Cuban-Americans No Longer a Sure Bet for the GOP

PHOTO: A woman casts her vote at Hialeah Fire Station #5 in Hialeah, Fla. on Election Day Tuesday, Nov. 6, 2012.

Barack Obama was undeniably the favored presidential candidate among Latinos.

Exit polls show that 71 percent of Latino voters nationwide cast ballots for the incumbent Democrat compared to 27 percent that cast votes for Republican Mitt Romney. But one group that has traditionally voted Republican acted more like a swing constituency this time around.

Cuban-American voters in Florida backed Romney for president, but just barely. And Obama won more of the Cuban vote than previous Democratic candidates in the state.

Romney edged out a win over Obama among Florida Cuban-American voters, 52-48 percent. Obama took 53 percent of the Cuban-American vote in Florida among those who voted on Election Day compared to Romney's 47 percent, according to a survey of nearly 5,000 voters conducted by Bendixen & Amandi International. Romney won among absentee and early voters, who tended to be older and more conservative. And Obama won 60 percent to 40 percent among Cuban-American voters born in the United States.

If the polls are accurate, that would represent a landmark shift in the politics of the Cuban-American community. Anchored in South Florida, Cuban-Americans have typically favored Republican presidential candidates, helping them perform well among Latino voters in the key battleground state.

But there have been signs before this election that the GOP's advantage with Cubans has begun to erode. While support for Obama is lower among Cuban-Americans than it is among other Hispanics, a growing number of traditionally conservative Cuban-Americans cast Democratic ballots. That has some Republicans worried about losing support from a voting bloc they previously counted on to provide much-needed votes in the battleground state of Florida.

Former President Bill Clinton pulled in about 35 percent of the Cuban-American vote in 1996, according to Reuters. While George W. Bush performed well among Cubans, Obama achieved a similar percentage to Clinton during his 2008 campaign.

Age, as it does in other voting groups, also mattered. Young Cuban-Americans born in the United States backed Obama at a rate of more than 60 percent, according to exit poll data. That's because they were born and raised in the country, and have adopted more liberal attitudes than their parents.
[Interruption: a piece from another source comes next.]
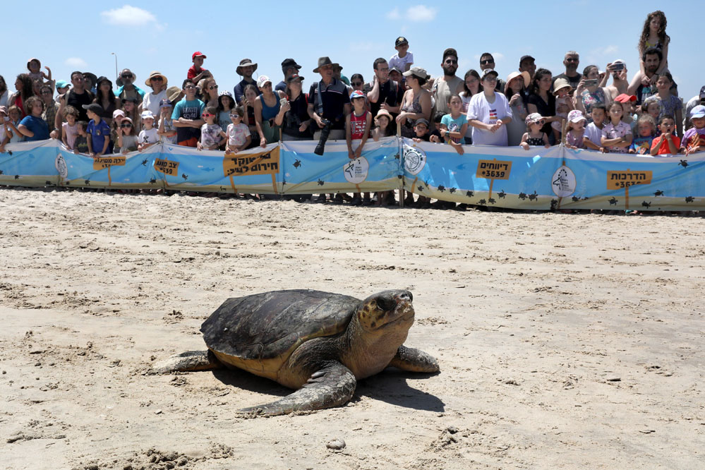 7月8日,在以色列內(nèi)坦亞附近的米赫莫雷特海灘,一只經(jīng)過救治后傷愈的海龜被放歸大海。

Head of the Cuba Democracy Public Advocacy Corp. and anti-Castro lobbyist Mauricio Claver-Carone told the Miami Herald that the drop in Cuban's support for Romney may be partially due to his running mate, Rep. Paul Ryan (R-Wisconsin). Ryan has supported lifting the U.S. embargo on Cuba, an unpopular position among many older Cuban-Americans.

Not everyone thinks the exit polling data showing a shift to the left among Florida Cubans is representative.

Florida International University professors Dario Moreno and Kevin Hill said Monday that their analysis from selected precincts in Miami-Dade County show Romney won up to 59 percent of the Cuban-American vote.

Cubans also contributed to the electoral victory of Cuban-American Republican Reps. Ileana Ros-Lehtinen and Mario Diaz-Balart.

Diaz-Balart told The Wall Street Journal, "This so-called change - I've been reading about it for 30 years…The community has not changed."